Я далеко уклонилась от рассказа о двух письмам, ожидавших нас на столе в этот четверг. Письмо ко мне было от батюшки, к мисс Мэтти печатное. Письмо батюшки было совершенно мужское письмо; я хочу сказать, что оно было очень скучно и говорило только о том, что он здоров, что у них были сильные дожди, что торговля почти совсем остановилась и что ходят слухи весьма неприятные. Он также спрашивал, знаю ли я, есть ли еще у мисс Мэтти акции в городском купеческом банке, так как о нем ходили весьма неприятные слухи, которые, впрочем, он всегда предвидел и давно уже предсказывал мисс Дженкинс, когда она отдавала туда все свое достояние – единственный, сколько ему известно, неблагоразумный шаг, сделанный во всю жизнь этой умной женщиной (единственный поступок, на который она решилась, вопреки его советам, как мне было известно). Однако, если что-нибудь пойдет дурно, разумеется, я не должна покидать мисс Мэтти, если могу ей сколько-нибудь быть полезной, и проч.
– От кого ваше письмо, душенька? А ко мне очень вежливое приглашение, подписанное Эдвин Уильсон, явиться на очень важное собрание акционеров городского купеческого банка в Дрёмбль, в четверг 25-го числа.
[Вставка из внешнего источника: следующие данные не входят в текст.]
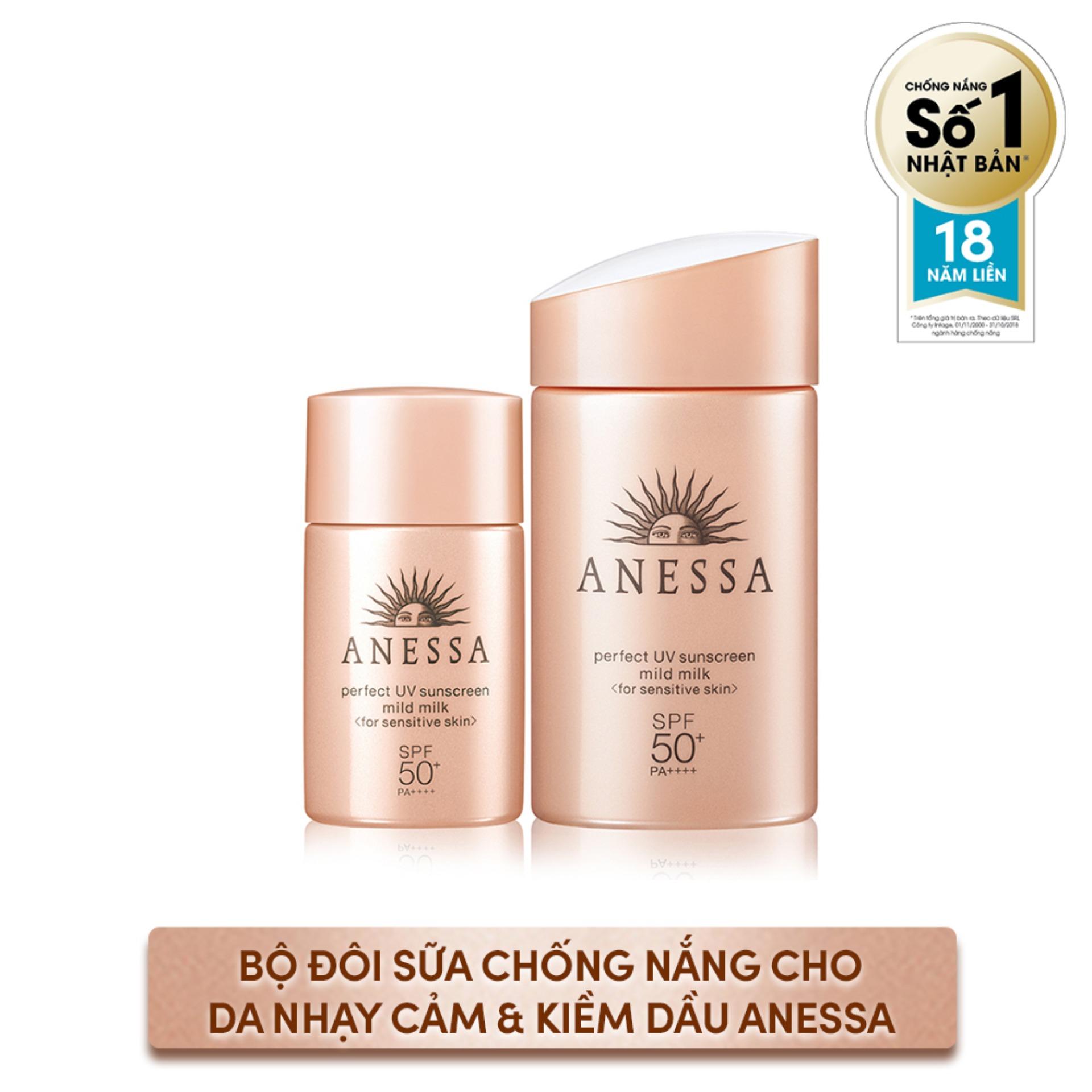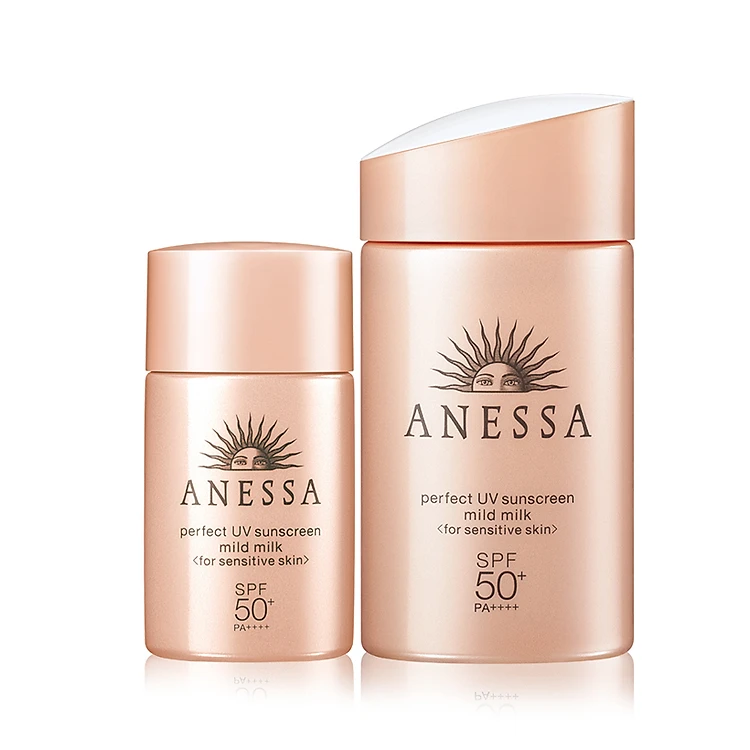 Sữa chống nắng dịu nhẹ cho da nhạy cảm Anessa Perfect UV Sunscreen Mild Milk - SPF50+, PA++++ giúp dưỡng da và bảo vệ da tối đa với thành phần tiêu chuẩn 5 không, dịu nhẹ và an toàn với làn da nhạy cảm nhất. Công nghệ Aqua Booster chống trôi trong nước và mồ hôi, bảo vệ toàn diện cho da kể cả khi bạn phải vận động, vui chơi nhiều ở ngoài trời và dưới nước. Sữa chống nắng rất thích hợp dùng cho cả mẹ và bé.
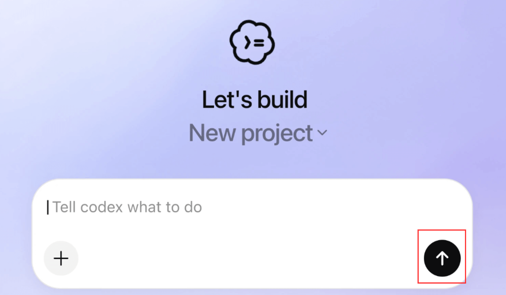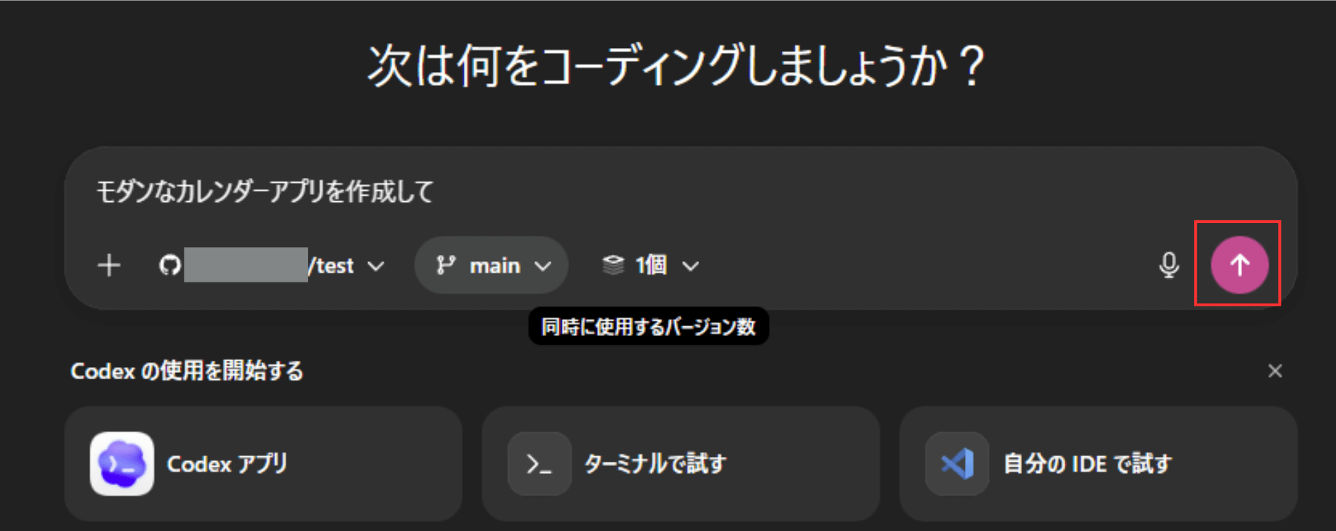 Codexアプリのプロンプト入力欄にプロンプトを入力し、「↑」ボタンをクリックすることでタスクが開始されます。

Это с их стороны весьма любезно, что они вспомнили обо мне.
Мне не понравилось известие об этом «очень важном собрании», хотя я мало понимала дела; я опасалась, что это подтверждало слова батюшки, однако я подумала: дурные вести приходят всегда слишком рано, и потому решилась не говорить ничего о моем опасении, а сказала только, что батюшка здоров и посылает ей поклон. Она долго восхищалась своим письмом. Наконец сказала:
– Я помню, что они прислали Деборе точно такое, но я этому не удивлялась, потому что все знали, как она была умна. Я боюсь, что мало буду им полезна; право, если они начнут считать, я совсем смешаюсь, потому что никогда не в состоянии сделать счет в уме. Дебора, я знаю, желала ехать и даже заказала себе новую шляпку; но когда настало время, она сильно простудилась и они прислали ей очень вежливый отчет о том, что было сделано. Кажется, выбирали директора. Как вы думаете, они приглашают меня, чтоб помочь им выбрать директора? Я тотчас выбрала бы вашего отца.
– У батюшки нет акций в этом банке, сказала я.
– Так, нет! я это помню. Он очень отсоветовал Деборе, когда она их покупала; но она была совершенно деловая женщина и всегда сама все решала; а ведь вы знаете, они все эти года платили по восьми процентов.
Для меня это был предмет весьма неприятный: я ждала недоброго; потому я переменила разговор, спросив, в какое время, она думает, лучше нам идти смотреть модные материи.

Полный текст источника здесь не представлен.